Here’s something else to think about. Wall Street has billions and billions of dollars at stake daily depending on predictions based on FAR fewer unknowns, yet they haven’t perfected the calculations necessary to buy at the bottom and sell at the top. They have had a 70+ year head start as well.
The exact figure is probably not absolutely necessary. However, somewhere much closer than our current range of possibilities would be nice. One last piece to add to your uncertainties is how they may change in the future with higher atmospheric concentrations of carbon dioxide.
Doctor Delos, Things look complicated to you because you haven’t bothered to study them for fear that it would spoil your “objectivity”. Absolute knowledge is not essential in any field of science–in fact,it is anathema to it. As to the rest of your post…well let’s just say that you aren’t wowing us with your understanding or finance either.

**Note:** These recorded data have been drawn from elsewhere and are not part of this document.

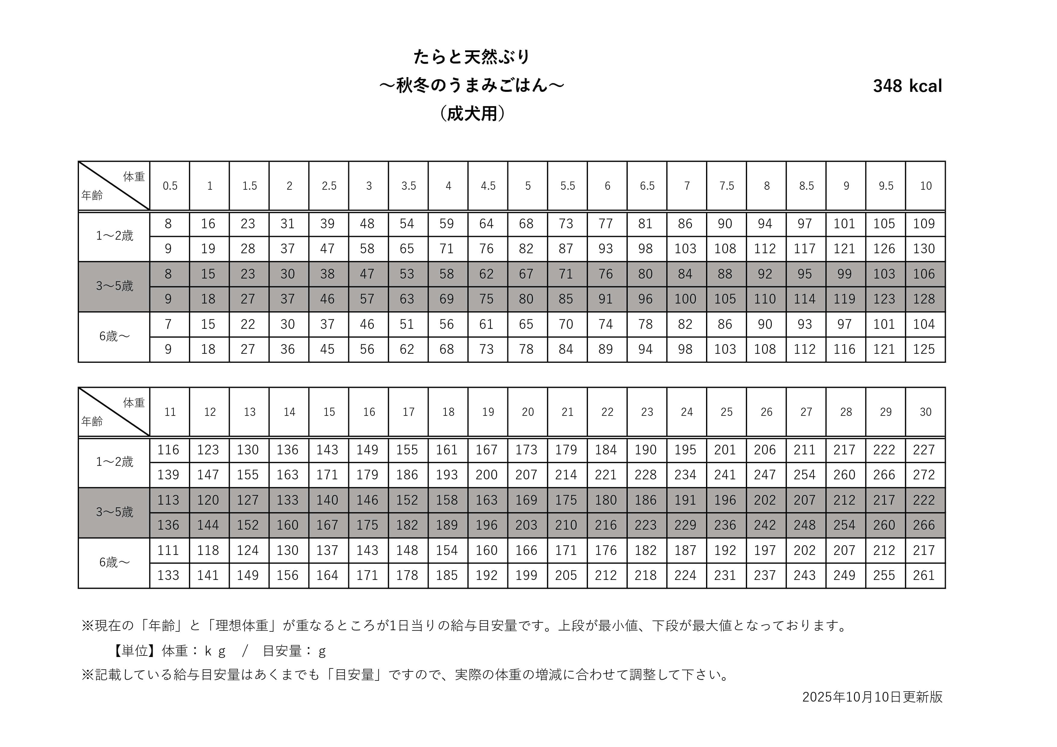 あくまでも“目安量”ですので、便の状態と実際の体重の増減に合わせて調整してください。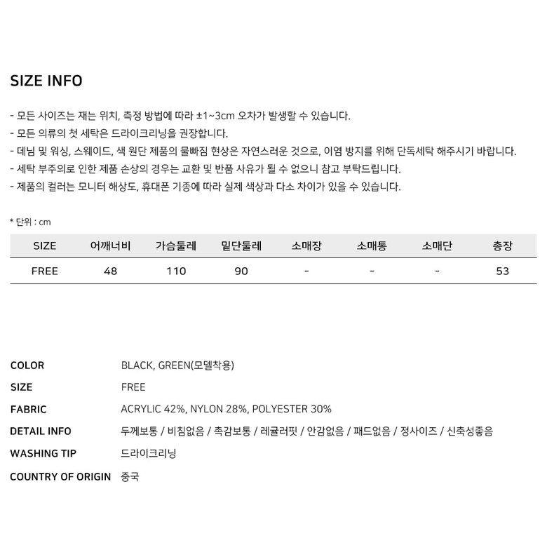 | 제품 소재 | 겉감 아크릴42% 나일론28% 폴리에스테르30% | 색상 | 그린,블랙 |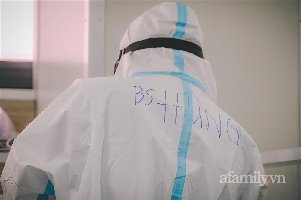 Mỗi lúc tiếng bộ đàm từ phòng theo dõi trung tâm vang lên, là đội ngũ y, bác sĩ lập tức đi đến kiểm tra, can thiệp. Trong ảnh là bác sĩ Vũ Đình Hùng, người có 2 tháng từng tham gia chống dịch tại “điểm nóng” tỉnh Bình Dương.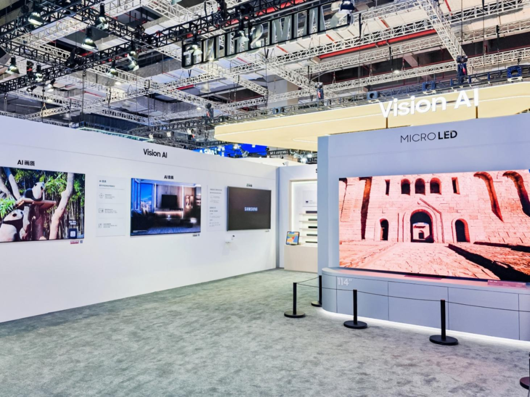与此同时,三星在显示领域继续展现出技术领先性。115英寸Micro RGB电视凭借微米级LED背光实现精准控光,色彩表现力突出;144英寸Micro LED则具备模块化拼接能力,适配多样商用与家用场景。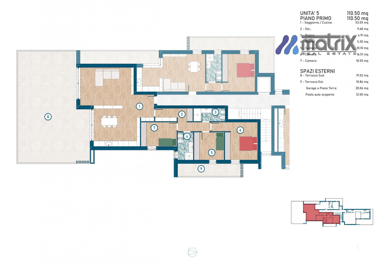 - Terrazzo soggiorno 91 mq, terrazzo nelle camere 11 mq

Your analogy fails because of bounds. The stock market can fall to 0 or go to 10000000000000000, but temperatures are tightly bound to CO2 concentrations. Yep, ENSO can warp things up or down, as can volcanoes, BUT the central tendency as described by CO2 concentrations CAN NOT BE CHANGED. So yep, we get WEATHER, but CLIMATE is determined by CO2 concentrations, as driven by orbital variations and human activities.
[Response: “Cannot” is a pretty strong statement, and almost certainly wrong in detail. Your general points is well taken though.–eric]
“…climate sensitivity to a doubling of CO2. Oh sure, there are estimates and ranges, but the exact figure is absolutely necessary in order to make any prediction that are more accurate than blind guesses.”
Uh, no. There’s a big difference between ‘ranges’ and ‘blind guesses.’